The merger will create “a competitive advantage that should lead to more opportunities for growth and enhanced value creation for shareholders,” Healthpeak CEO Scott Brinker said in a statement.

“We expect the transaction to be immediately accretive to each company’s shareholders, augment our strong balance sheet, and position the combined company for offense,” he said.

The deal is expected to reduce overall costs for the combined company, with run-rate synergies of at least $40M by the end of the first year and up to $60M by the end of the second, according to the release. The combined company is planning to pay an annualized dividend of $1.20 per share. 

The two REITs both have concentrations of properties in Sun Belt markets like Dallas, Houston, Nashville, Phoenix and Denver.

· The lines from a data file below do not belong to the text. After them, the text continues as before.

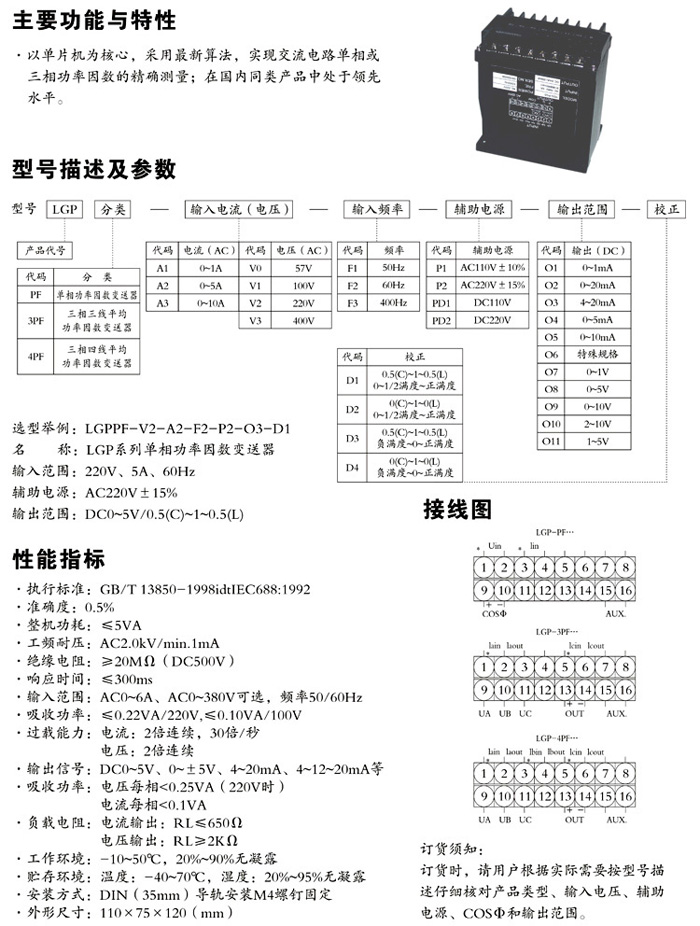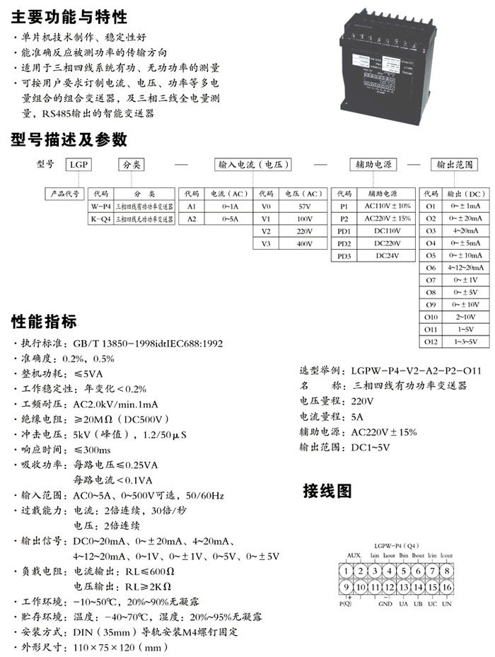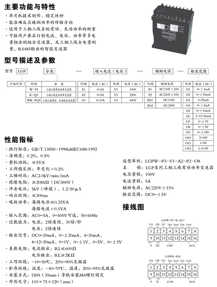 LGP系列有功(無(wú)功)功率及功率因數(shù)變送器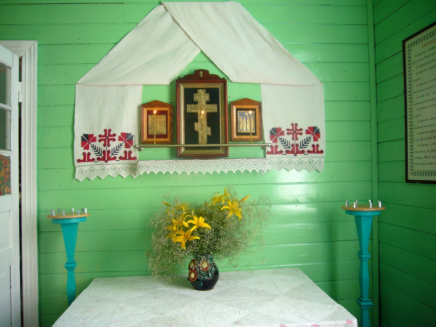 Внутри храма всё празднично и нарядно. Свежая покраска, старинные, богато расшитые рушники, цветы.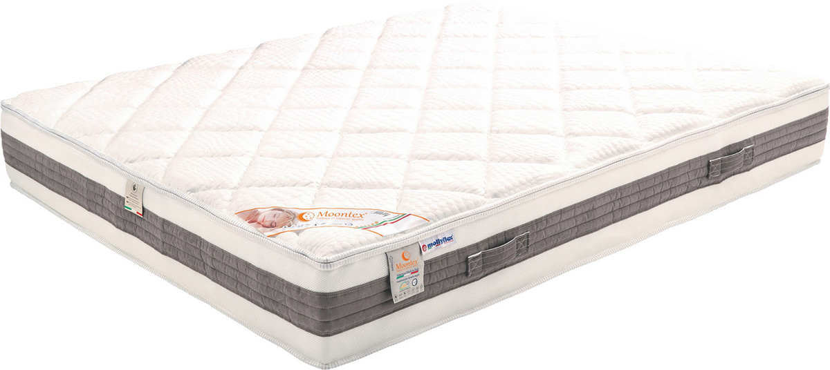 Materac piankowy Splendid Comfort włoskiej firmy Mollyflex, z kolekcji Silver, jest modelem specjalnie opracowanym przez producenta Mollyflex dla tych którzy szczególnie dużą uwagę skupiają na wygodzie i komforcie spania. Idealnie dobrana twardość dzięki połączeniu wysokiej jakości pianek pozwoli na idealne podparcie kręgosłupa, dlatego ten materac posiada również atesty medyczne. Piękny design oraz odpowiednia wysokość pozwala na zastosowanie tego modelu w łóżkach z tradycyjną ramą oraz ramą kontynentalną. Zdejmowany pokrowiec z powłoką silver Safe gwarantuje odpowiednią higienę oraz cyrkulację powietrza. Włókno węglowe oraz carbon dodatkowo likwidują ładunki elektrostatyczne zgromadzone na naszym ciele. Tkanina dzięki swojej najnowszej technologii znacznie ogranicza gromadzenie się kurzu oraz nie elektryzuje się. Pianka I-fo@m która znajduje się w pokrowcu dodatkowo reguluje temperaturę ciała dzięki mikrokapsułkom PCM.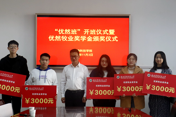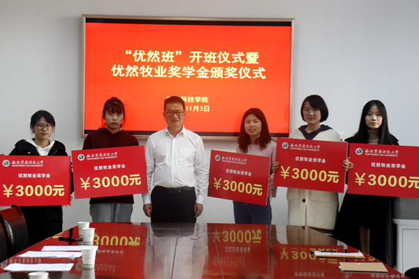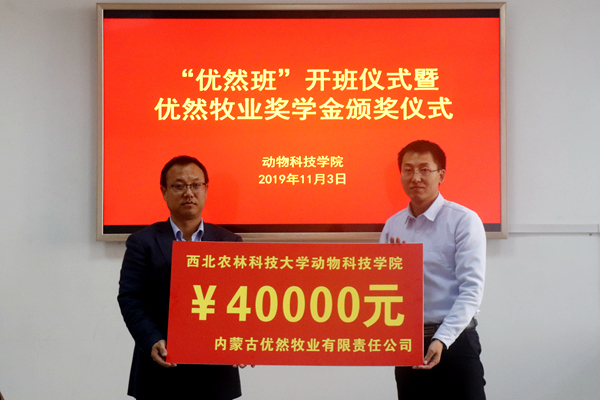“优然牧业奖学金”由优然牧业有限公司出资设立,用于奖励动科国产在线 优秀学生,根据公司与国产在线 校企合作协议,双方共同评选出优然牧业奖学金获得者李佳青等十名同学,每人奖励3000元。王力副书记对获奖同学表示祝贺,鼓励优然牧业班的同学们在专业发展上,在学习成长中常怀感恩之心,以优异的成绩反馈企业、汇报母校、回报社会,努力成长为新时代科技人才。
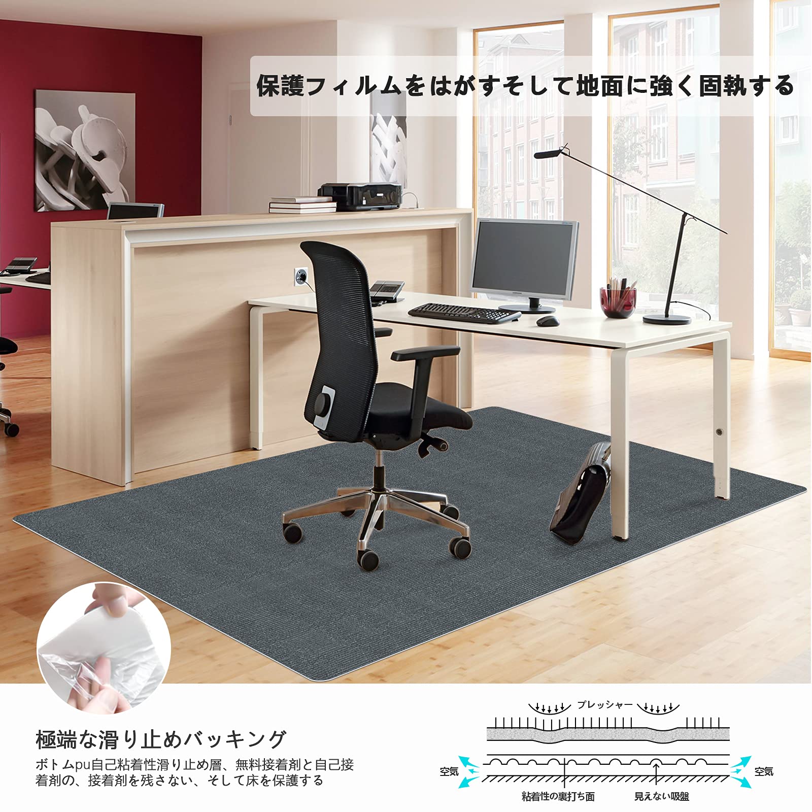 【特価】デスク チェアマット 床保護【大判サイズ130 ×160cm 】PVC Hriiiiya ずれない4mmカーペットゲーミング椅子 フロアマット床傷防止 凹みキズ・防音椅子の下に敷くパッド 防カビ机下 セルフ粘着 | GIGATERA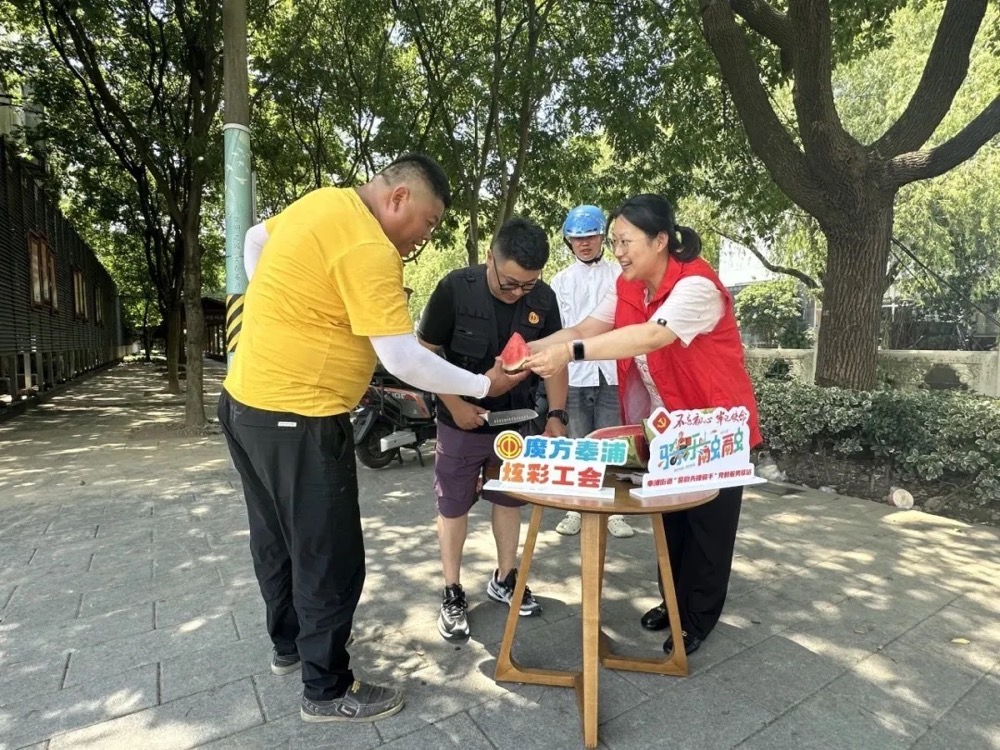 奉浦街道总工会“花式送清凉”,开展共享冰箱行动和“闪现”活动,在商圈、街面、接力站等阵地放置冰柜、饮水架,为户外劳动者提供免费的饮用水;工作人员闪现在户外职工聚集地,如宝龙商圈、韩村路美食街、户外职工爱心接力站,为他们送去清凉可口的西瓜。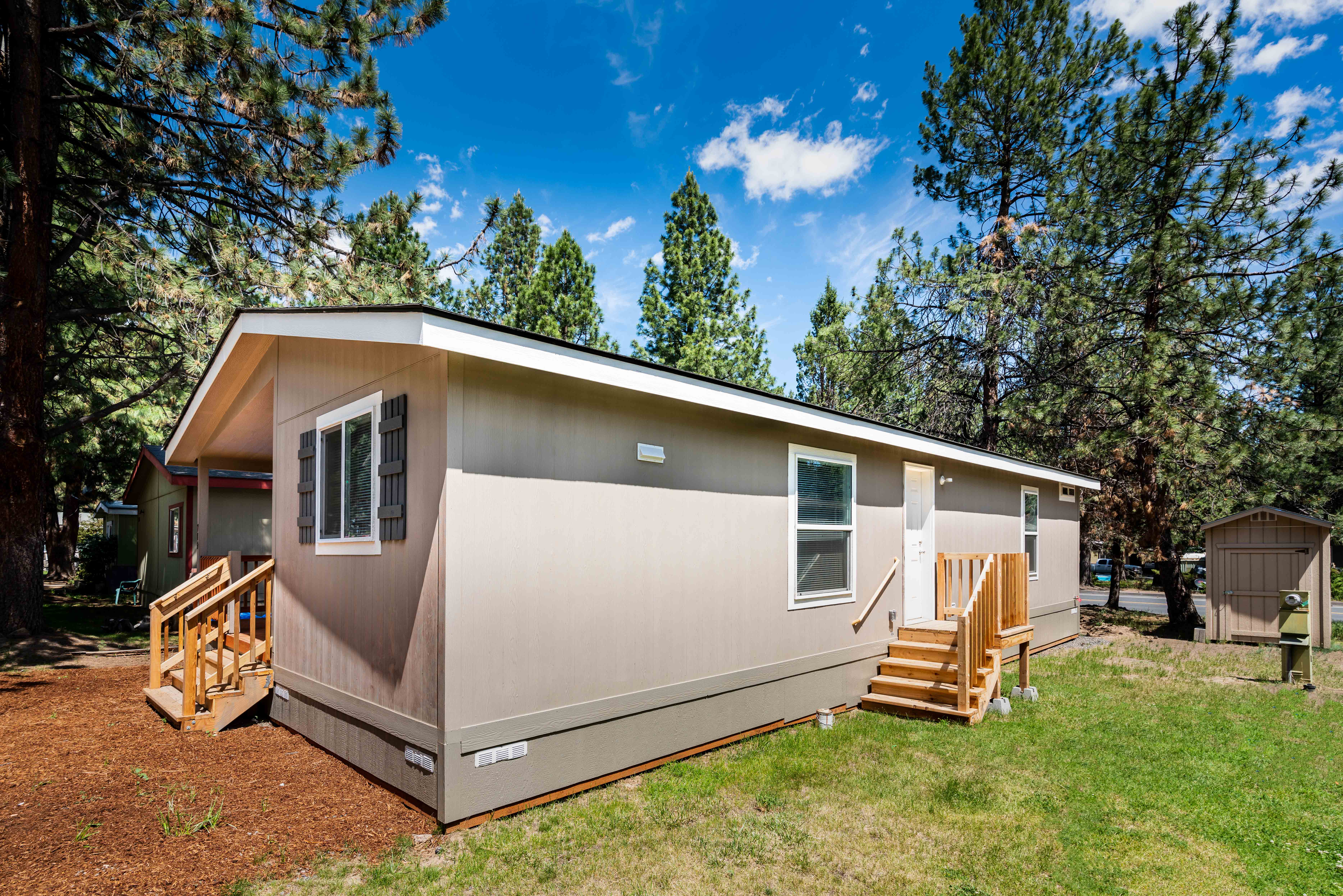 A small beige manufactured home with front steps, a window with shutters, and a storage shed in the backyard, surrounded by trees and grass.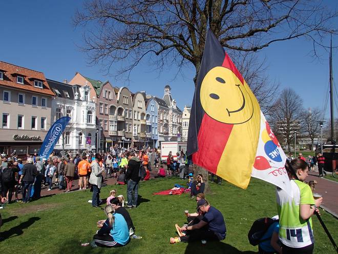 Kaemmererplatz 9.19 Uhr Welch außergewöhnlicher Tag in Cuxhaven. Sonne und fast kein Wind. So etwas gab es ja noch nie. Zumindest nicht beim Marathon. |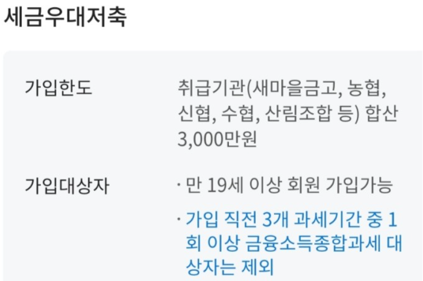 새마을금고에서 예금, 적금을 가입할 경우에는 세금우대 혜택을 받을 수 있습니다. 이것은 상호금융권 전체에 해당하며 모두 합쳐서 3천만원의 한도입니다.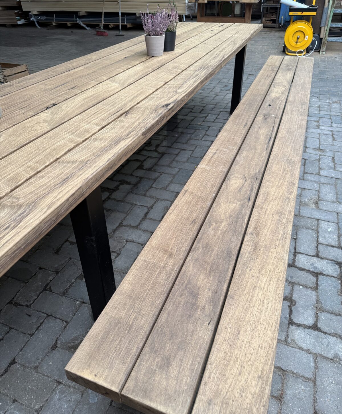 Jij bepaalt de lengte en kiest uit verschillende houtsoorten, zodat de buitenset naadloos aansluit bij jouw omgeving. Of je nu houdt van warme, natuurlijke houttinten of een strakke, moderne look – wij maken jouw maatwerk buitenset tot in perfectie. De tafels zijn ook zonder banken of met één bank te bestellen neem hiervoor contact op. De onderstaande prijzen zijn inclusief twee banken.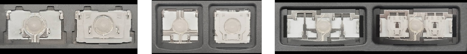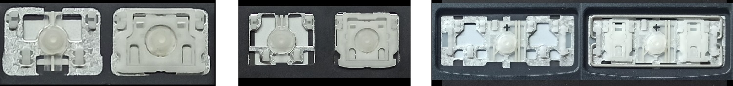 *Zdarza się, że w poszczególnych modelach klawiatury stosuje się więcej typów mocowań niż te trzy pokazane na zdjęciach; niektóre klawisze mają też metalowe zawiasy.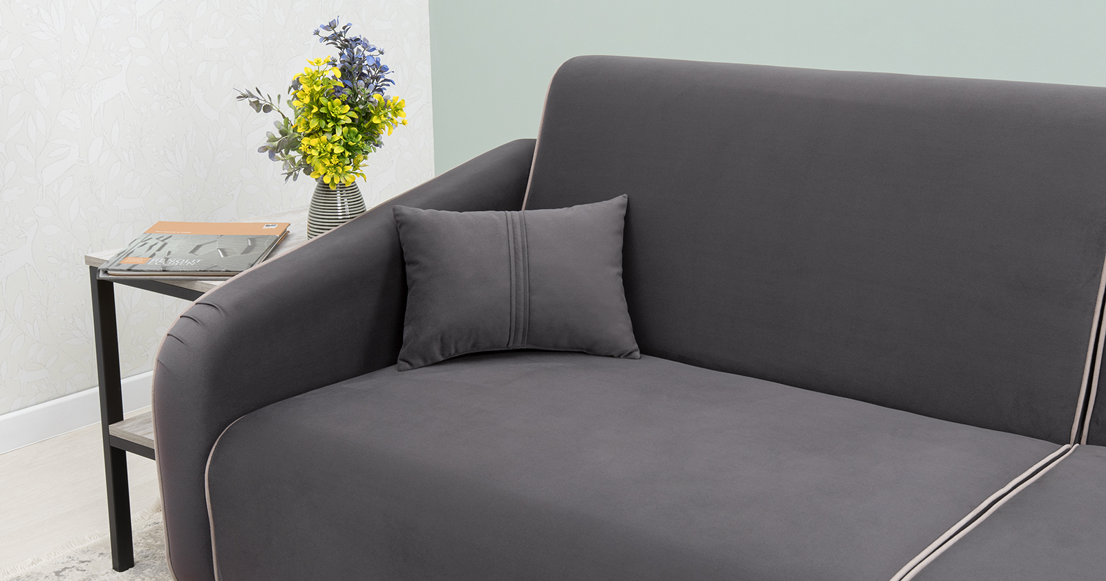 Диван-кровать прямой Ноэль ТД 447 велюр темно-серый, светлый кварцевый серый

“Together, we will be well-positioned to create significant value from our real estate, relationships, and platform while benefiting from the secular growth in demand,” Katherine Sandstrom, Healthpeak's board chair, who is expected to lead the new combined board, said in a statement. 

Healthpeak will assume the existing senior unsecured notes and term loan from Physicians and enter into a five-year, $500M term loan for “general corporate purposes including repayment of borrowings under Healthpeak’s commercial paper program,” according to the release. 

Brinker will remain CEO of the combined Healthpeak, with Physicians CEO John Thomas joining as vice chair of the board of directors, which will include eight existing Healthpeak directors and five Physicians directors. Peter Scott will stay on as Healthpeak’s chief financial officer.  

The combined company’s headquarters will be in Denver, where Healthpeak is based. Physicians’ headquarters is in Milwaukee. The merged firm will maintain other existing offices, according to the release. 

Healthpeak was founded in 1985 and joined the S&P 500 in 2008. It owns 475 assets valued at over $20B, according to its third-quarter report. Just over half of its assets are labs, with 37% of holdings in outpatient medical centers and 9% of its assets in continuing care retirement centers.

Physicians Realty Trust owns 290 properties in 36 states totaling 16M SF of medical space and around $6B in owned assets at the end of 2022, according to its annual report

Healtpeak’s stock was down 4.8% in early trading Monday, and Physicians slipped around 1%. The REITs have been shedding value this year, with Healthpeak down 38% year-to-date and Physicians off by 24%.